This function has to be called with two arguments. The first argument is an integer, representing the spatial dimension of the problem we want to solve. This is used to determine which template of NavierStokes needs to be used. The second argument is the parth to the parameter file with the configuration of the solver parameters.

All this function does is to initialise the MPI, instantiate the correct NavierStokes object and call its solve method.

int main(int argc, char** argv)
{

    try
    {
        Utilities::MPI::MPI_InitFinalize    mpi_initialisation(argc,argv,1);
        ConditionalOStream pcout(std::cout, (Utilities::MPI::this_mpi_process(MPI_COMM_WORLD) == 0));

        if (argc < 3)
        {
            pcout << "Usage: " << argv[0] << " <space_dim>" << " parameter_file" << std::endl;
            return 1;
        }

        pcout << "                  _   _    _____        " << std::endl
              << "                 | \\ | |  / ____|       " << std::endl
              << "    ___    __ _  |  \\| | | (___    ___  " << std::endl
              << "   / __|  / _` | | . ` |  \\___ \\  / __| " << std::endl
              << "   \\__ \\ | (_| | | |\\  |  ____) | \\__ \\ " << std::endl
              << "   |___/  \\__,_| |_| \\_| |_____/  |___/ " << std::endl
              << "                                        " << std::endl
              << "   still another Navier - Stokes solver " << std::endl
              << "                                        " << std::endl;
        unsigned int dim = (unsigned int)std::atoi(argv[1]);
        std::string parameter_file = argv[2];
        if (dim == 2)
        {
            NavierStokes<2> ns(parameter_file);
            ns.solve();
        }
        else if (dim == 3)
        {
            NavierStokes<3> ns(parameter_file);
            ns.solve();
        }
        else
        {
            std::runtime_error("Invalid dimension. Only 2D and 3D simulations are supported.");
        }
    }
    catch (std::exception &exc)
    {
        std::cerr << std::endl << std::string(30,'-') << std::endl
                  << "Caught exception: " << std::endl
                  << exc.what() << std::endl
                  << "Aborting." << std::endl
                  << std::endl << std::string(30,'-') << std::endl;
        return 1;
    }
    catch (...)
    {
        std::cerr << std::endl << std::string(30,'-') << std::endl
                  << "Unknown exception. " << "Aborting." << std::endl
                  << std::endl << std::string(30,'-') << std::endl;
        return 1;
    }

    return 0;
}

Results

In this section we will show the results obtained for different polynomial orders, with and without stabilisation and for $Re = 400, 1000, 5000, 7500$. Specifically, we shall compare the profile of the $x$-component of velocity along $y$ in the centre of the cavity. More details about the configurations are summarised in the table.
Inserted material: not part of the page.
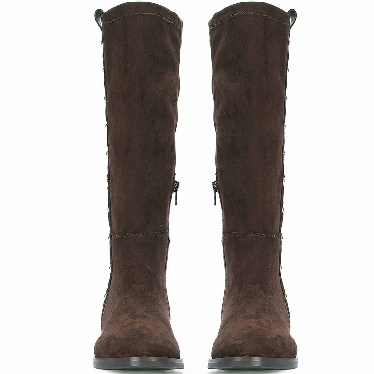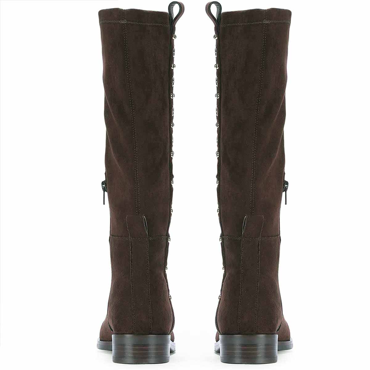Dark, refined, and quietly subversive: the Marlowe boots wrap the leg in soft stretch suede, elevated by a bold line of metallic eyelet studs running down the shaft. Their silhouette is grounded by a low block heel and finished with a discreet side zip and pull tab for ease. They merge everyday wearability with an unmistakably fashion-forward edge. A boot designed not just to walk but to make an entrance.
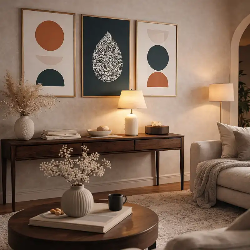This Islamic calligraphy wall art set transforms your space instantly by creating a balanced, designer gallery wall without the effort of matching multiple artworks.

Finite Element Stabilisation # mesh refinements Linear solver
$\mathbb Q^2 -\mathbb Q^2$ GLS 5 GMRES
$\mathbb Q^1 -\mathbb Q^1$ GLS 6 GMRES
$\mathbb Q^2 -\mathbb Q^1$ none 6 direct

Re = 400

This should be the easiest case, since the Reynolds number is relatively small. Indeed, we observe that the solution for all three configurations reaches a steady state in excellent agreement with the literature.

cavity400_compare.mp4

The only thing we gain with stabilisation here is that we can use equal-order elements, and that even with $\mathbb Q^1 -\mathbb Q^1$ we get a good accuracy. Indeed, if we were to use the standard formulation with this element, we would get something like this after just one time step.

unstable q1q1

Re = 1000

Here we can start to see some differences between the three configurations. Namely, the $\mathbb Q^1 -\mathbb Q^1$ element seems to be a little less accurate than the others. This is interesting as it shows that the accuracy of $\mathbb Q^2 -\mathbb Q^2$ is better, even though the number of degrees of freedom is the same ( $\mathbb Q^1 -\mathbb Q^1$ has one extra mesh refinement ).

cavity1000_compare.mp4

Re = 5000

For this value of $Re$ there are noticeable differences between the three configurations, and overall the agreement with other data is not as good as before. Nonetheless, it should be noted that the steady state here is reached through time integration, and not by solving a stationary equation, and so the differences might disappear if we let the system evolve longer.

cavity5000_compare.mp4

From the plot at the final fime we notice that the non-stabilised formulation seems to be more accurate near the top of the cavity, where the stabilised solutions look smoother. This is indeed something we could attribute to the stabilisation.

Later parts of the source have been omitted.